Logline: A serious comedy about a friendless anti-obesity crusader and a trust fund manchild who vie for the heart of a reclusive animal activist, releasing her demons and forming an unlikely ‘family’ in the process.
The thing that binds the principal characters in SXSW standout Funny Bunny is their beautiful, oblivious idealism.
We first meet Gene (Kentucker Audley), a man in his early 30’s, as he is going door-to-door inadvertently insulting “customers” while trying to get them on his page about childhood obesity. This cause leads him to a friendship with the self-named Titty (Olly Alexander) a wealthy young man of about eighteen who has an internet friendship with activist shut-in Ginger (Joslyn Jenson) that he would like to see advance into something more….if only that wouldn’t dare to ruin what he has with her now through a computer screen.

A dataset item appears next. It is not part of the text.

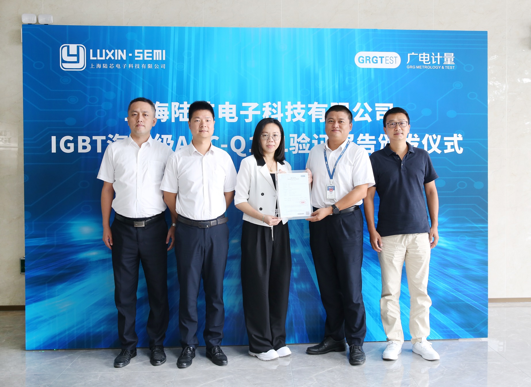 9月20日,廣州廣電計(jì)量檢測股份有限公司(簡稱:廣電計(jì)量)攜手上海陸芯電子科技有限公司(簡稱:上海陸芯),成功舉辦“廣電計(jì)量與上海陸芯合作交流會(huì)暨上海陸芯IGBT汽車級AEC-Q101驗(yàn)證報(bào)告頒發(fā)儀式”。上海陸芯副總經(jīng)理黃冬榆、市場總監(jiān)曾祥幼,廣電計(jì)量總經(jīng)理助理陸裕東、半導(dǎo)體技術(shù)副總監(jiān)李汝冠、失效分析業(yè)務(wù)副總監(jiān)代蕾等雙方代表人員出席了本次活動(dòng),隨后一同參觀了廣州無線電集團(tuán)企業(yè)展廳和廣電計(jì)量實(shí)驗(yàn)室。

After Gene is finally kicked out by his ex (Anna Margaret Hollyman), he is at a low point and decides that helping Titty actualize his relationship with Ginger is going to be his main priority. Gene sets off on a road trip with Titty in tow having no plan except to remain tenacious in his quest and regroup in the face of failure. Once they do find Ginger, their plans begin to fall apart in ways they could not have predicted and the groundwork for a possible path to true happiness is presented.
It’s striking how close many of the principal (and supporting) characters’ decisions skirt mental illness. Sometimes Funny Bunny plays their quirks for laughs and sometimes it doesn’t, but it never seems artificial or disrespectful. Great care and respect is given to every character beat and moment among the three leads (who all have co-writer credits with director Alison Bagnall) and so no matter how ridiculous or frustrating a character behaves on their respective journeys it is engaging and believable throughout.
As Gene, Audley (who pulled off the trifecta of acting as co-editor as well) takes someone most people wouldn’t want to spend time with on paper and makes the viewer deeply invested in his journey. He achieved the same difficult hat trick in his lead role in Dustin Guy Defa’s underrated masterpiece Bad Fever but here adds enough specificity to his characterization that his Gene stands apart. Bagnall has fluency with characters involved in intergenerational friendships and relationships, having co-written the indie classic Buffalo ’66. She also directed the wistful The Dish and the Spoon, which had it’s world premiere at SXSW in 2011. That one also had British actor Olly Alexander pulling double duty as co- writer/star.
Here Bagnall achieves something just as complicated, frustrating, and rewarding as the characters themselves and it is a joy to go where she takes us.